* How to complete this task: Find the line containing "سری تاشو زاویهدار" in the listing below; reproduce it and every line after, exactly. Skip pictures.

[Opening Exercise data section]

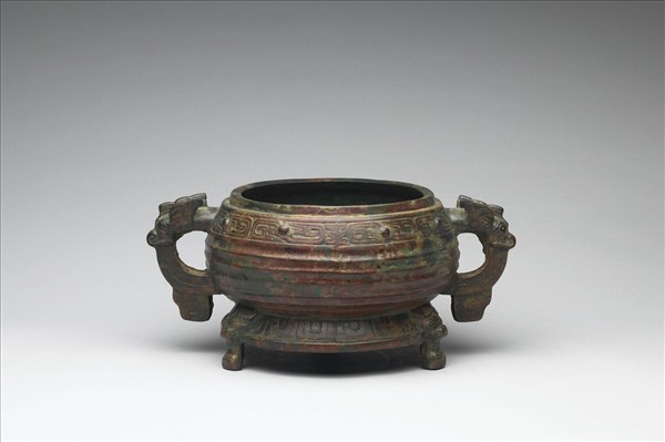 圓簋,子母口、雙環耳、圓腹、圈足,耳做獸首形,下有附珥,圈足下有三小獸面足。口沿有一圈有目竊曲紋飾帶,器腹飾瓦紋,圈足則飾垂鱗紋。
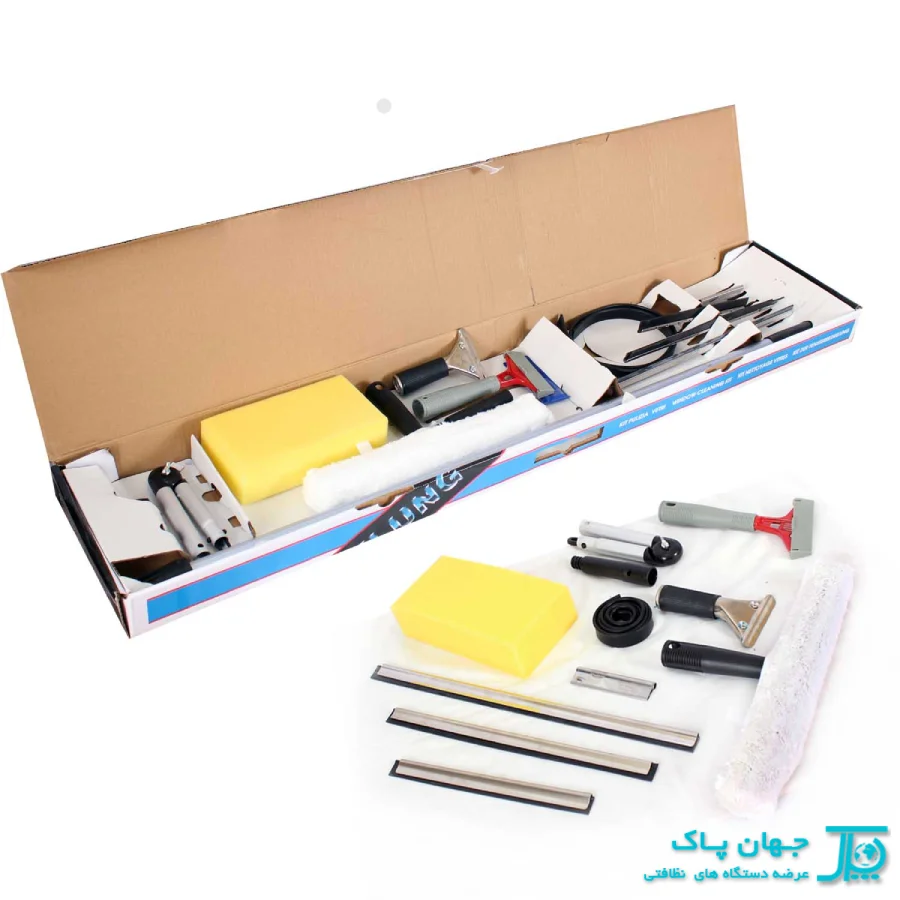 • اجزای ست: دسته تلسکوپی 2.5 متری، سه تیغه (25، 35، 45 سانتیمتر)، لاستیک اضافه 92 سانتیمتر، تیغه تمیزکننده دستی، اسفنج پاککننده، پد ابری با پایه، سری تاشو زاویهدار
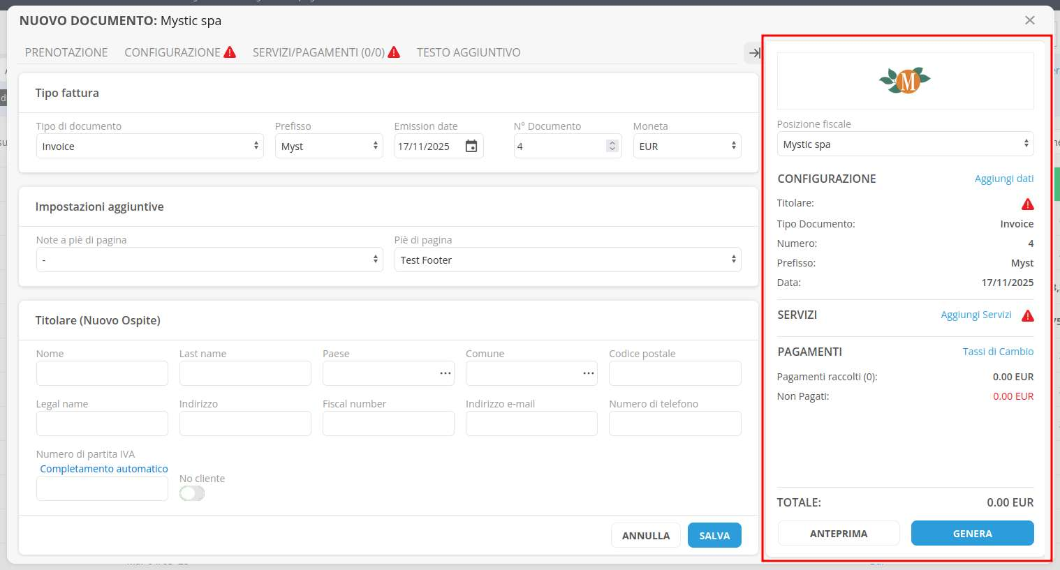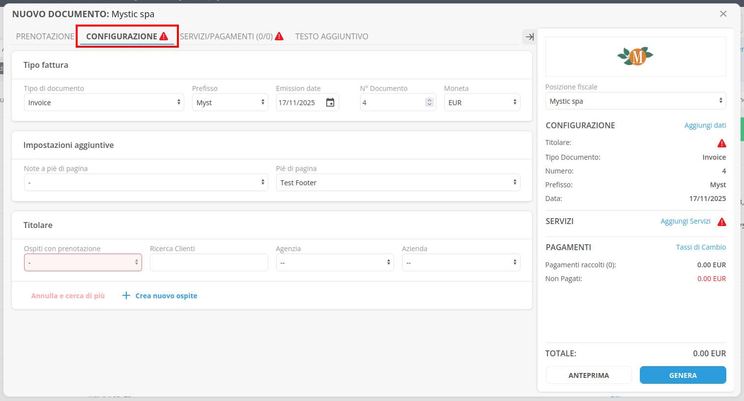 scegli a quale ospite fatturare, quale posizione fiscale usare (nel
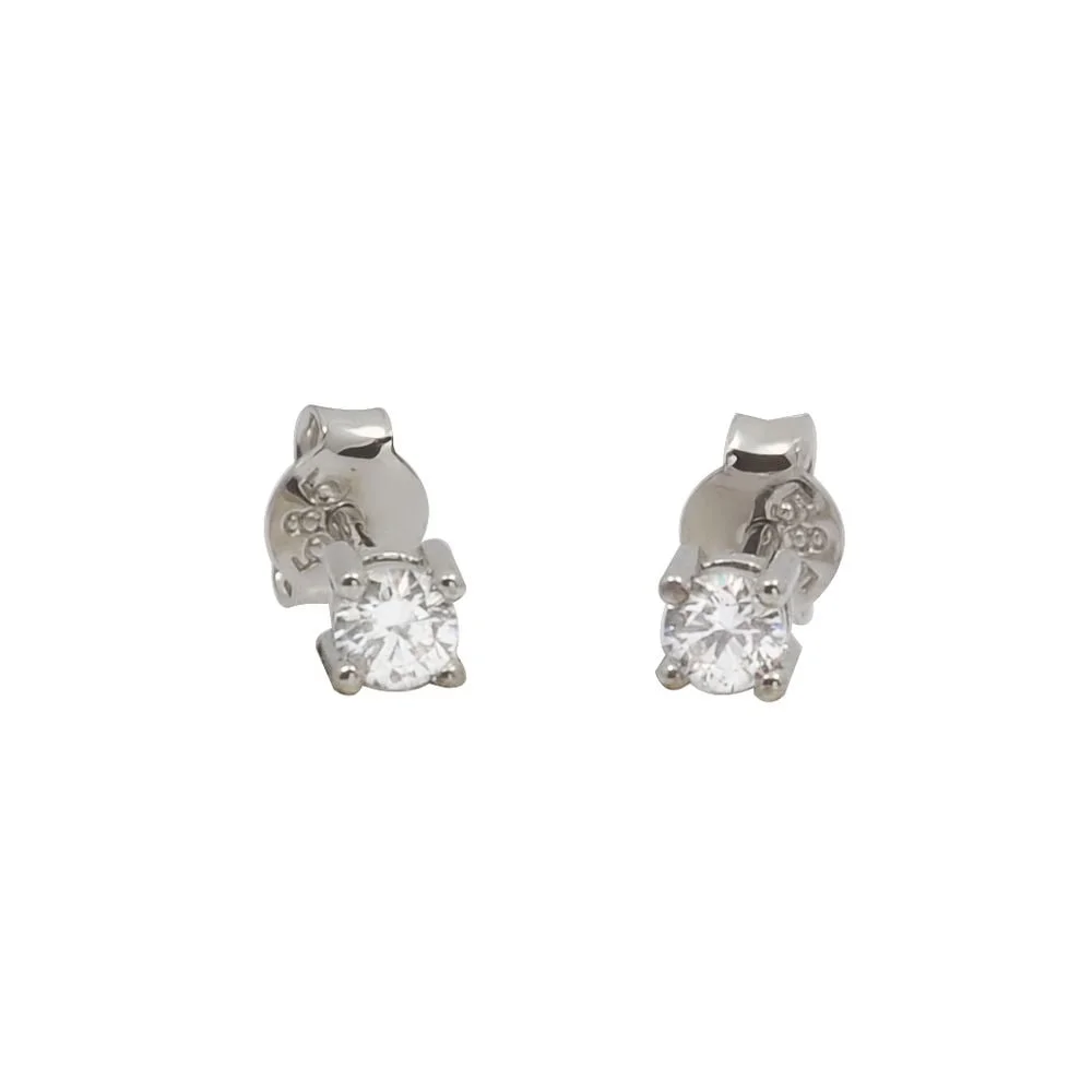 Λευκόχρυσα σκουλαρίκια μονόπετρα με λευκή πέτρα ζιργκόν 3.5mm.

[Closing Exercise data section]

* Response:
 • اجزای ست: دسته تلسکوپی 2.5 متری، سه تیغه (25، 35، 45 سانتیمتر)، لاستیک اضافه 92 سانتیمتر، تیغه تمیزکننده دستی، اسفنج پاککننده، پد ابری با پایه، سری تاشو زاویهدار
 scegli a quale ospite fatturare, quale posizione fiscale usare (nel
 Λευκόχρυσα σκουλαρίκια μονόπετρα με λευκή πέτρα ζιργκόν 3.5mm.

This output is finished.